One unique feature in our approach is the manner in which the MT system handles Restrictive Relative clauses (such as #1 below).

  • 1. The lawyer advised the man bitten by the dog in the park not to sue the city.
  • Our Deep Parser has been specifically designed to identify Gaps and their Fillers. Using this information, complex sentences such as #1 can be split into a corresponding set of simpler sentences (see #1a, 1b below).

  • 1a. A man was bitten by the dog in the park.
  • 1b. The lawyer advised that man not to sue the city.
  • Now, each of these simpler sentences can be translated reasonably well. The syntactic complexity of the resultant set of sentences in Hindi is significantly lower, making it more 'accessible'. It must also be kept in mind that long Restrictive Relative clauses are even more complex in Hindi, due in part to its Subject-Object-Verb (SOV) word order.

    Another feature is the high-quality information that the Deep Parser provides to the MT system to enable it correctly handle the complexities of Case, Number, Gender, and Aspect in Hindi.

    As mentioned previously, if the syntactic parsing of the input sentence (English) is wrong, the resulting translation will usually be unacceptable. However, the highly scalable Statistical Deep Parsers available in the public domain today are designed to accept conversational fragments (i.e. 'ungrammatical' sentences); they do not check for conformance with the rules of grammar. This approach has a significant impact on a number of downstream applications (such as Machine Translation and Text-To-Speech) that are crucially dependent on the parse-tree generated by the Deep Parser.
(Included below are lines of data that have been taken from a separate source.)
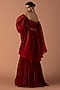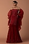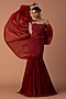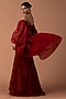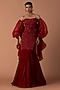 Featuring a red corset in georgette and tulle base with beads and cutdana embroidery. It is paired with a fishtail skirt and an organza bouffant draped sleeves.Accentuate it with sleek metallic heels and minimal crystal or diamond jewellery for a refined finish, perfect for cocktail parties, evening galas, red-carpet events, or high-fashion soirees.
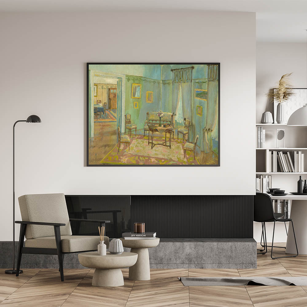 Transform your space with the tranquil elegance of this Modern Wall Art piece, inspired by Konštantín Bauer’s Room Interior. This captivating artwork offers a glimpse into a serene and refined interior setting, showcasing soft blues, warm pastels, and intricate furniture details. Bauer’s painterly style adds a touch of nostalgia, making this piece perfect for classic and modern interiors alike.
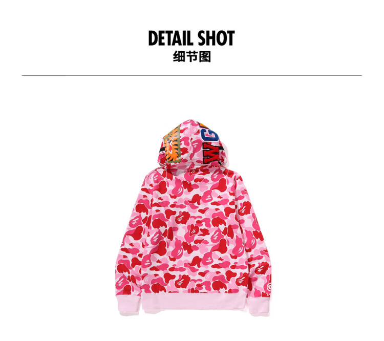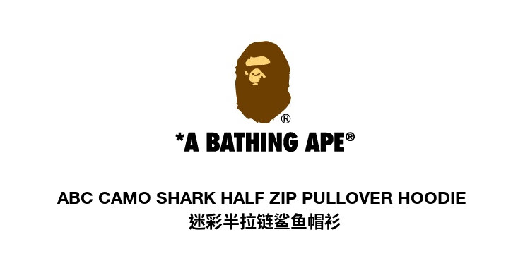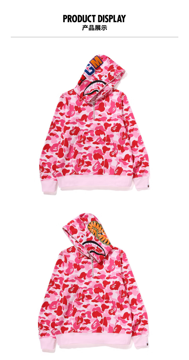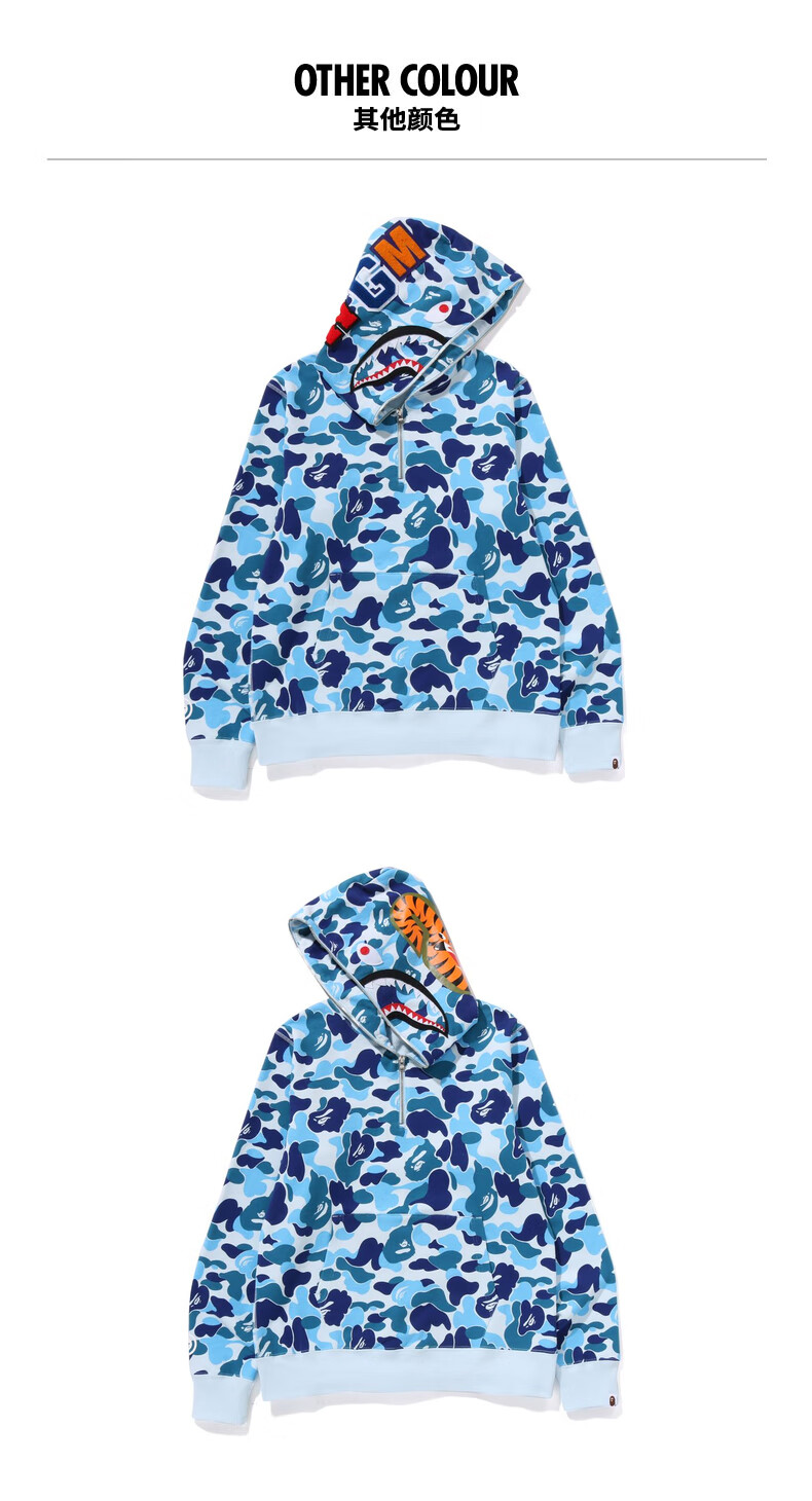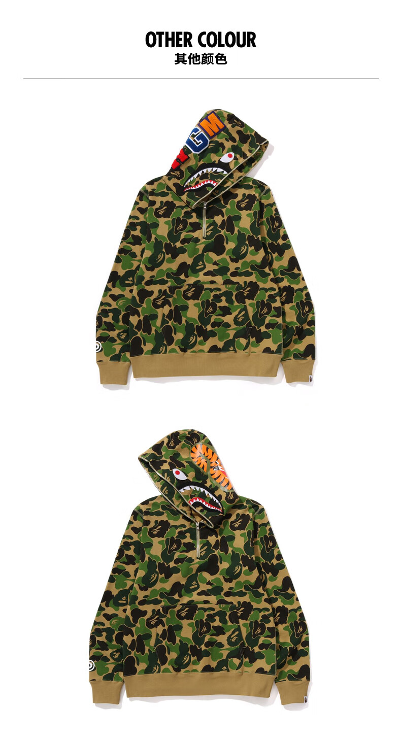 BAPE Men's Autumn and Winter 2024 Shark WGM Pattern Camouflage Hooded Half-Zip Sweatshirt 114010N Green GRX XL One Size
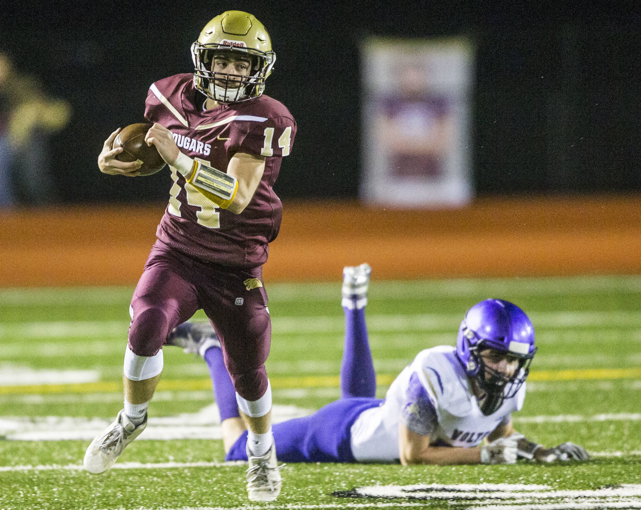 Down 14-6 and facing fourth and 4 from Lakewood’s 34-yard line, Sequim (9-2) elected to go for it on its second drive. The Wolves were looking to force an offsides by the Cougars — and did — but not after calling a timeout as the play clock neared zero. The flag was waived off and Ward was stuffed on a run up the middle out of the timeout.

Our approach is different; we follow Chomsky's Government & Binding Theory[1][2][3][4][5][6][7][8] to identify analyses that may be flawed. We do not attempt to translate sentences whose parse-trees fail this test, thereby avoiding egregious errors in translation. As a result, several sentences will not be translated (including sentences that are 'ungrammatical', as well as highly complex sentences that could not be parsed), but that is in line with our design philosophy that values correctness far higher than speed or scalability. However, note that even this test is not sufficient for ambiguous structures. For example, in sentence #1, it is not immediately clear whether 'the lawyer advised the man in the park' or 'the dog bit the man in the park'. Hence, we could have two well-formed parse-trees that correspond to the above two analyses. The Deep Parser needs more information to figure out whether to attach the Preposition Phrase 'in the park' to the higher clause or the lower clause. This information must be provided by a 'reasoning-about-the-world' module i.e. by reasoning that lawyers do not usually advise clients in parks, while dogs occasionally bite people in parks. Our Deep Parser does not include such a 'reasoning-about-the-world' module, and therefore cannot always handle such ambiguous structures correctly.


    References

    1. [Chomsky1980a] Chomsky N.. On Binding. Linguistic Inquiry. 1980;11:1-46.
    2. [Chomsky1980b] Chomsky N.. Rules and Representations. New York: Columbia University Press; 1980.
    3. [Chomsky1981] Chomsky N.. Lectures on Government and Binding: The Pisa lectures. Seventh 1993 ed. Berlin; New York: Mouton de Gruyter; 1981.
    4. [Chomsky1981b] Chomsky N.. Principles and Parameters in syntactic theory. In: Hornstein N., Lightfoot D., editors. Explanations in Linguistics. London: Longman; 1981.
    5. [Chomsky1982] Chomsky N.. Some consequences of the Theory of Government and Binding. Vol Linguistic Inquiry Monograph 6. Cambridge, MA: MIT Press; 1982.
    6. [Chomsky1986] Chomsky N.. Barriers. Vol Linguistic Inquiry Monograph 13. Cambridge, MA: MIT Press; 1986.
    7. [Chomsky1995] Chomsky N.. The Minimalist Program. Cambridge, MA: MIT Press; 1995.
    8. [Chomsky2000] Chomsky N.. New horizons in the study of language and mind. Cambridge, UK: Cambridge University Press; 2000.